Australian poet, novelist, and politician (1941–2017)

Rae Desmond Jones (11 August 1941 – 27 June 2017) was an Australian poet, novelist, short story writer and politician.

Jones was born in the mining town of Broken Hill in the far West of New South Wales. Although many of his poems and stories are concerned with urban experience, he always felt that desert landscapes were central to his language and perception. He wrote in colloquial language, which sometimes exploded in powerful narratives packed with ambiguous sexual and violent imagery, especially in his earlier poems and some of his novels.

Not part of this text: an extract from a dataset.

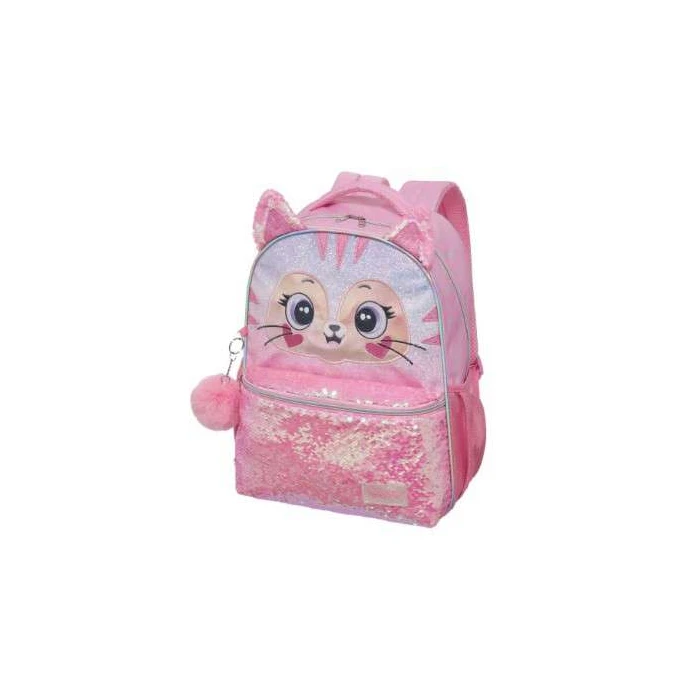 A Mochila Pack Me Kitten da Pacific é uma linha escolar infantil com design fofo de gatinho, orelhinhas 3D, detalhes em lantejoulas (reversíveis ou não) e pompom, feita em poliéster resistente, com compartimentos amplos, bolsos laterais para garrafas, alças acolchoadas, disponível em modelos de costas ou rodinhas, ideal para meninas que amam estilo e praticidade no dia a dia escolar.
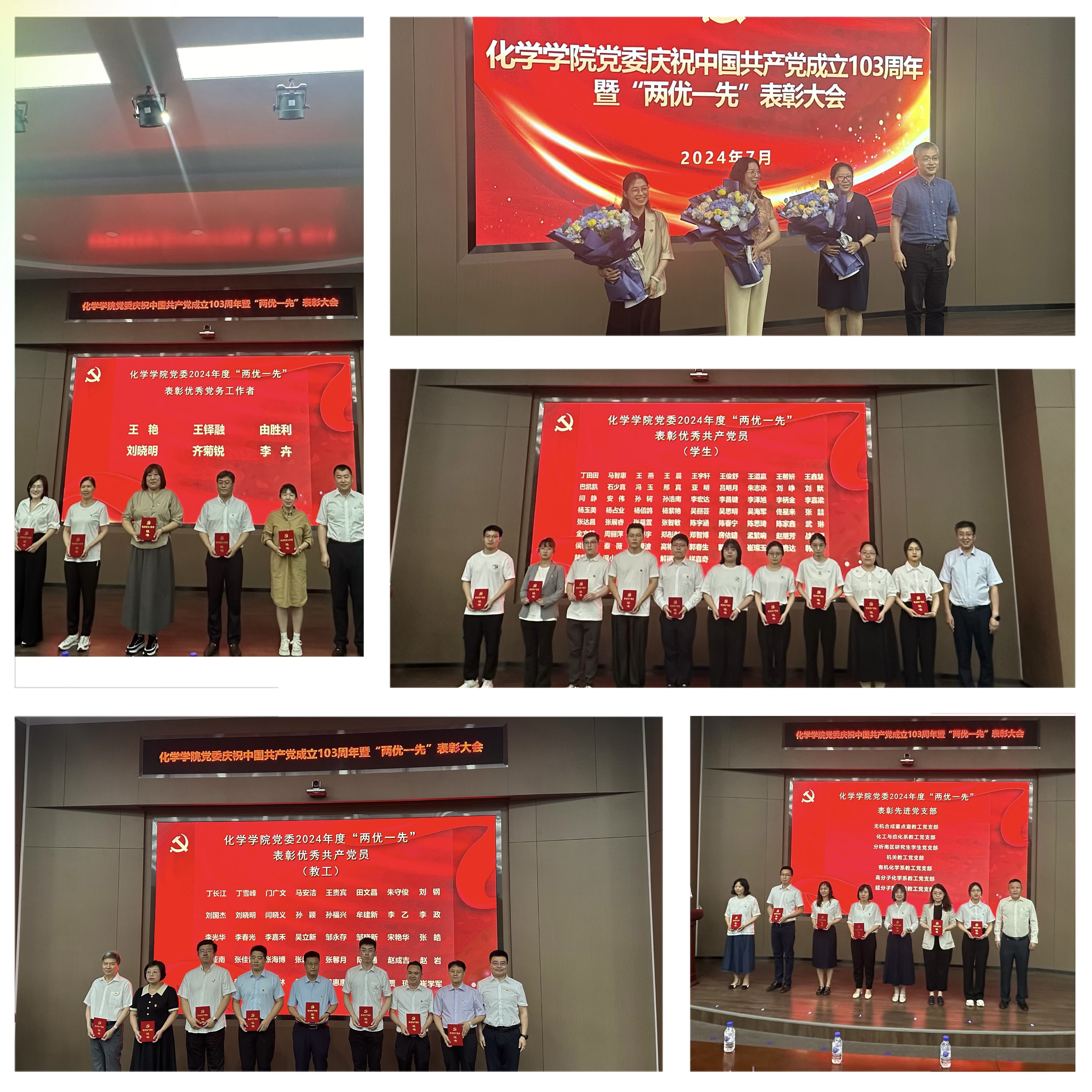 “两优一先”表彰大会在无机—超分子楼二楼报告厅召开,表彰一批优秀共产党员,优秀党务工作者和先进党支部,为近三年内退休的党员代表颁奖,激励全院党员不忘初心、牢记使命,在学院各项事业发展的道路上争当表率、争做示范。院长吕中元、党委书记马本华出席会议。会议由党委副书记由胜利主持。

He was involved with the Poets Union.

He became a popular mayor of Ashfield, an inner Sydney Municipality, from 2004 to 2006, and during that period held together a broad coalition of Labor Party, Green and Independent representatives. He said that for him "poetry and politics are mutually contradictory, and he finds consolation from each in the arms of the other."

==Bibliography==
Poetry
- Orpheus With A Tuba, Makar Press, 1973.
- The Mad Vibe, Saturday Centre, 1975.
- Shakti, Makar Press, 1977.
- The Palace of Art, Makar Press, 1981.
- Blow Out, Island Press, 2008.
- Baygone and other poems, Picaro Press, 2011.
- Thirteen Poems from the Dead, Polar Bear Press 2011.
- Decline and Fall, Flying Islands Press, 2011.
- The Selected Your Friendly Fascist, (as editor), Rochford Press, 2012.
- It Comes From All Directions: New and Selected Poems, Grand Parade Poets, 2013.
- The End of the Line, Rochford Press, 2019.

Novels
- The Lemon Tree, Angus & Robertson, 1990.
- Wisdom, Blackwattle Press, 1995.

Short stories
- Walking The Line, Red Press, 1979.

Video/DVD
- Rae Jones: Poet With A Tuba, Vanguard 1985.